For example, if you designed small-molecule binders with diverse pockets, you can automatically build design-specific pocket constraints into the Boltz input files from columns in ``Poses.df``.
Like any other ProtFlow runner, the Boltz runner collects output scores and predicted locations and integrates them back into your :py:class:`~protflow.poses.Poses` instance.

.. note::

    If you want to add CCD codes for custom ligands to Boltz, check out this repository:
    - github: https://github.com/jacktday/boltztools/tree/main

Installation
------------

Follow the installation instructions in the official Boltz repository:
`https://github.com/jwohlwend/boltz <https://github.com/jwohlwend/boltz>`_.

Once installed, add your Boltz environment paths to the ProtFlow configuration file:

.. code-block:: python
    :name: config-excerpt-boltz
    
    # path to the Boltz binary
    BOLTZ_PATH = "" # e.g. "/your/path/to/probably_conda/envs/boltz/bin/boltz"

    # path to the python interpreter inside the Boltz environment
    BOLTZ_PYTHON = "" # e.g. "/your/path/to/probably_conda/envs/boltz/bin/python3"

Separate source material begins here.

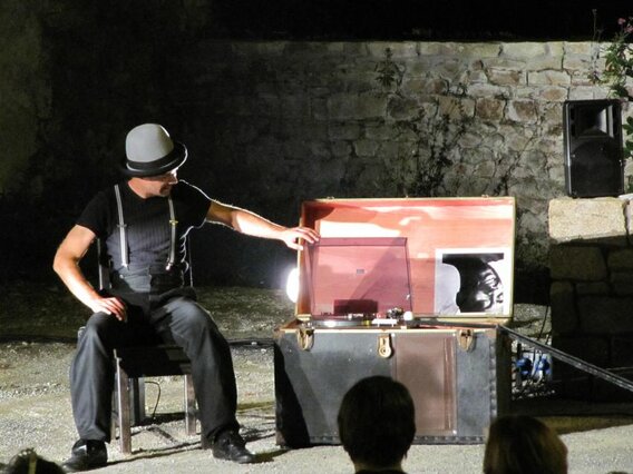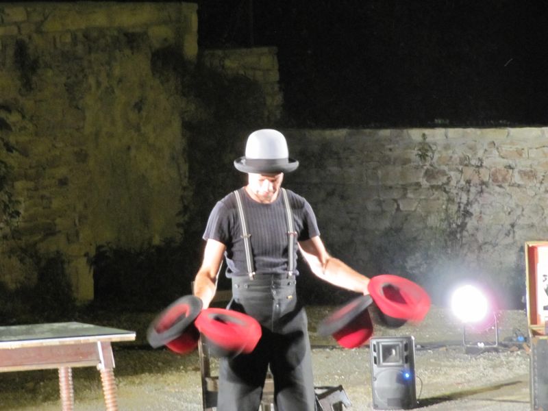 Ce type doit être né avec une balle au bout de chaque doigt et 5 chapeaux sur la tête. Il manipule les unes et les autres avec une précision qui tient de la magie. Et en parfaite synchronisation avec le 33 tours qui tourne sur sa platine vinyle.

You are now ready to use the Boltz runner in your ProtFlow pipelines!

.. note::
    If you are having trouble finding your protflow's config file, try this command in your protflow environment:
    
    .. code-block:: bash

        protflow-check-config

Predicting structures
---------------------

.. note::

    Before running Boltz via ProtFlow, review Boltz’s own prediction instructions so you understand its expected inputs:
    `prediction.md <https://github.com/jwohlwend/boltz/blob/main/docs/prediction.md>`_.

Predicting yaml files
---------------------

ProtFlow supports directly predicting pre-written ``.yaml`` files. 
Load them into a :py:class:`~protflow.poses.Poses` and run the Boltz runner with your desired options.

.. code-block:: python

    # imports
    from protflow.poses import Poses
    from protflow.tools import Boltz
    from protflow.jobstarters import LocalJobStarter

    # set your jobstarter
    ## here we use a localjobstarter which runs jobs using the subprocess module.
    ## you can use any jobstarter you need, e.g. SbatchArrayJobstarter if you work on a SLURM cluster.
    jst = LocalJobStarter(max_cores=1)

    # load poses from directory
    ## here you want to change '/path/to/input_yamls/' to the path to directory that contains your yaml files.
    ## Check out the tutorial in the :ref:`tutorials.load_poses` section if you want to learn more about loading poses. 
    my_poses = Poses(
        poses = '/path/to/input_yamls/', 
        glob_suffix = '*.yaml',
        work_dir = "/path/to/your_output_dir/"
    )

    # initialize Boltz runner
    boltz_runner = Boltz(jobstarter=jst)

    # run Boltz with pre-written yaml files
    ## like with any runner, in the 'options' parameter, we specify commandline options that shall
    ## be passed to Boltz for inference. You can set any options, except for input and output files.
    ## For more info on how to use Runner.run() calls, see here: :ref:`tutorials.run_applications`
    my_poses = boltz_runner.run(
        poses = my_poses, 
        prefix = 'boltz', # the prefix is the name of your run. No prefix is allowed twice.
        options = "--diffusion_samples 5 --no_kernels"
    )

    # you might want to display some results.
    ## Your predicted poses can always be found in the column: {prefix}_location
    display(my_poses.df[["poses_description", "plddt", "ptm"]])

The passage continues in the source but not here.